Directions for this task: Reproduce only this stretch of the listing below: from the line with "(a) The diagnosis" through the line with "スケルトン混合団体の競技を観", exactly as written, with pictures excluded.

== Extracted data

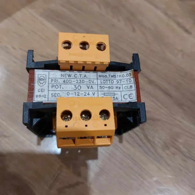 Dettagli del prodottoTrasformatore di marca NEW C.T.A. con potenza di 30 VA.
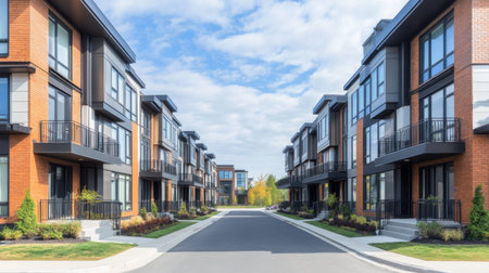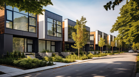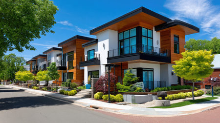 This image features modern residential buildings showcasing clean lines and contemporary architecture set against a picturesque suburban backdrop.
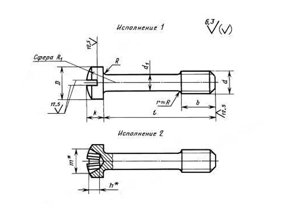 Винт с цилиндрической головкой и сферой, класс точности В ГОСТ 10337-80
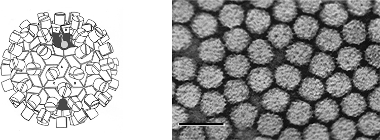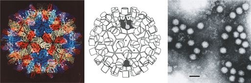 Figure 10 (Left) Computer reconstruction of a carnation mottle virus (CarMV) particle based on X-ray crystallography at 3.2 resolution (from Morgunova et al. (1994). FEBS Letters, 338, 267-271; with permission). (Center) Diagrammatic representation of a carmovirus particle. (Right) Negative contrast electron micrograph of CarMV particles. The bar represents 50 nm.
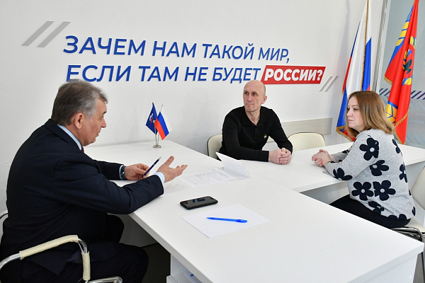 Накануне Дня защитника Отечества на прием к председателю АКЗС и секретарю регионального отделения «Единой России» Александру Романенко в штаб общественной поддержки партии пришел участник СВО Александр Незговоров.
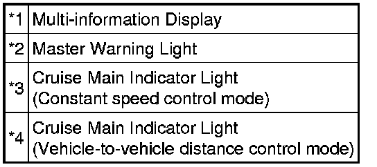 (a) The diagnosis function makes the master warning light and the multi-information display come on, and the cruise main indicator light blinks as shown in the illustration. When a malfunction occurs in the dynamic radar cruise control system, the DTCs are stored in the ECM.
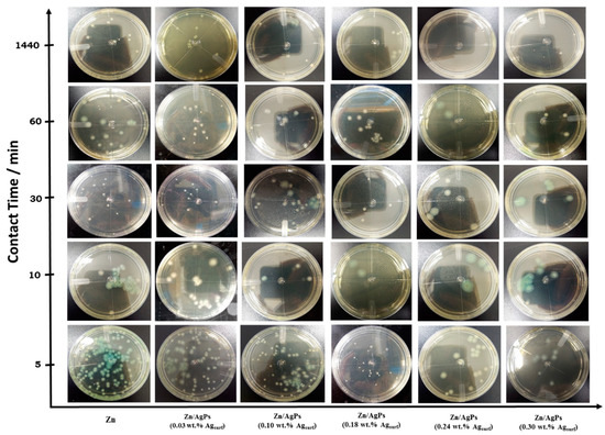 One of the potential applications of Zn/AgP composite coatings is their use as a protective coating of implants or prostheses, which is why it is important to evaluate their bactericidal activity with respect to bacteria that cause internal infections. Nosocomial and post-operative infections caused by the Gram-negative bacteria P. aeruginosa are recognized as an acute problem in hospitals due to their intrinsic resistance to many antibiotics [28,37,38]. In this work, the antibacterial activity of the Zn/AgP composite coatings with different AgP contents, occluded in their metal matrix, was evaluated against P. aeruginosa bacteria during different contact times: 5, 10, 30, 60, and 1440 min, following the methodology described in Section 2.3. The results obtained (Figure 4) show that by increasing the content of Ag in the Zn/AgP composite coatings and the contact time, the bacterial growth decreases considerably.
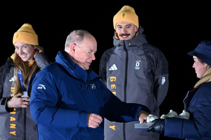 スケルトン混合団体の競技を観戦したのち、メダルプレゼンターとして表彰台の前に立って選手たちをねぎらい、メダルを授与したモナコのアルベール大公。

====
== Extracted data

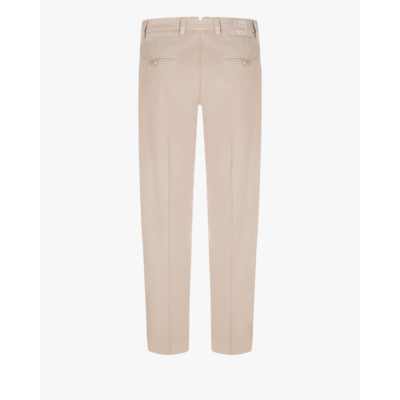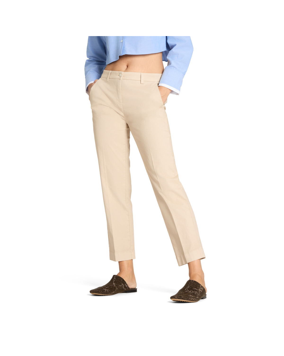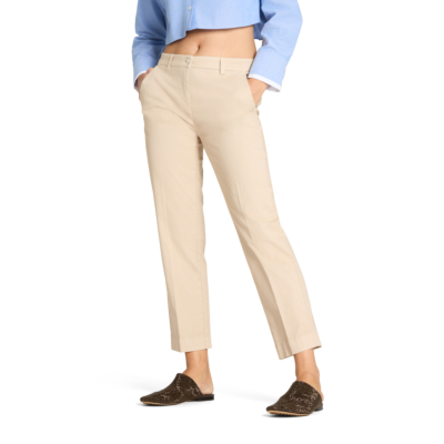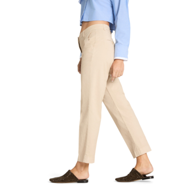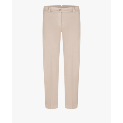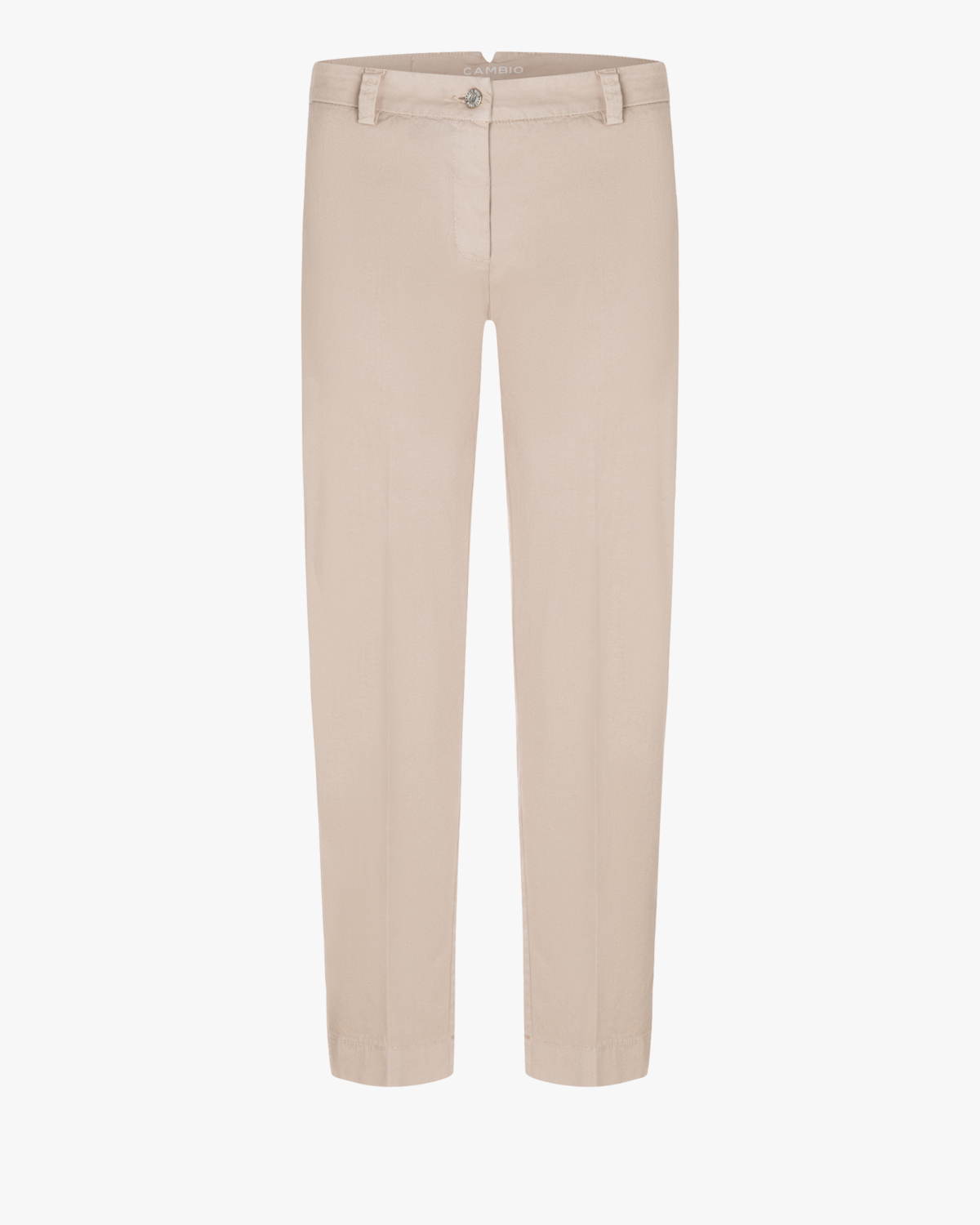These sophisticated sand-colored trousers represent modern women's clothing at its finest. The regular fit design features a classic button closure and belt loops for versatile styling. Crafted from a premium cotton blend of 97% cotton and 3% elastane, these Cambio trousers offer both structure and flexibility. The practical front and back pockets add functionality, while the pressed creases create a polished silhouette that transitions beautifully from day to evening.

====

Answer box:
 (a) The diagnosis function makes the master warning light and the multi-information display come on, and the cruise main indicator light blinks as shown in the illustration. When a malfunction occurs in the dynamic radar cruise control system, the DTCs are stored in the ECM.
 One of the potential applications of Zn/AgP composite coatings is their use as a protective coating of implants or prostheses, which is why it is important to evaluate their bactericidal activity with respect to bacteria that cause internal infections. Nosocomial and post-operative infections caused by the Gram-negative bacteria P. aeruginosa are recognized as an acute problem in hospitals due to their intrinsic resistance to many antibiotics [28,37,38]. In this work, the antibacterial activity of the Zn/AgP composite coatings with different AgP contents, occluded in their metal matrix, was evaluated against P. aeruginosa bacteria during different contact times: 5, 10, 30, 60, and 1440 min, following the methodology described in Section 2.3. The results obtained (Figure 4) show that by increasing the content of Ag in the Zn/AgP composite coatings and the contact time, the bacterial growth decreases considerably.
 スケルトン混合団体の競技を観戦したのち、メダルプレゼンターとして表彰台の前に立って選手たちをねぎらい、メダルを授与したモナコのアルベール大公。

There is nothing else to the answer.